Results for commit c0415da4. ± Comparison against base commit 67ccf1ec.

:recycle: This comment has been updated with latest results.

Masterchen09 commented 2 years ago

I had some issues with the value field of the GenericAspect in the MetadataChangeLogEvent, therefore I have removed the tuple parameter. The value field of the GenericAspect is a bytes field, but the JSON representation of the field is a string. After some debugging I have figured out that the avrogen package cannot handle string-encoded bytes field (correctly) when the tuples parameter is true (the path I followed was the following: from_obj calls with_tuple_union -> self.fastavro is True when tuples is true -> from_obj also calls from_json_object which calls _generic_from_json -> _generic_from_json calls _union_from_json which calls validates -> validates accepts strings for bytes fields only if self.fastavro is false).

I am not sure if this might be an issue of the avrogen package, but it worked with the removed tuples parameter, therefore I was happy at that point. 😁

For the EntityChangeEvent we might not need to change the tuples parameter, because there should not be any bytes field in there or at least at the moment?

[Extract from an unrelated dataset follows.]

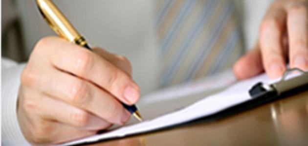 التوقيع: يُوقع الكاتب باسمه كاملاً ويكتب في الزاوية اليسرى السفلى.

I have also added some tests for the from_json method of the two event classes and the event envelope, I think these are helpful to verify that the methods are working correctly.

The parameter deserialization now also works for the EnitityChangeEvent and is using the hack from the Kafka source (not nice, but it works...?). I have also noticed that the from_obj method of the events does not return an Event instance, instead an instance of the parent class is returned, therefore the from_class method is used to construct a valid Event instance (originally I only wanted to quickly test something...therefore I did not noticed that the instance was not an Event instance).

To have the hack with the parameters only at one place I have also updated the Kafka event source to use the from_json method of the EntityChangeEvent (the Kafka event source no longer needs it's own logic for the deserialization of the message).

jjoyce0510 commented 2 years ago

Amazing! Looking over this again now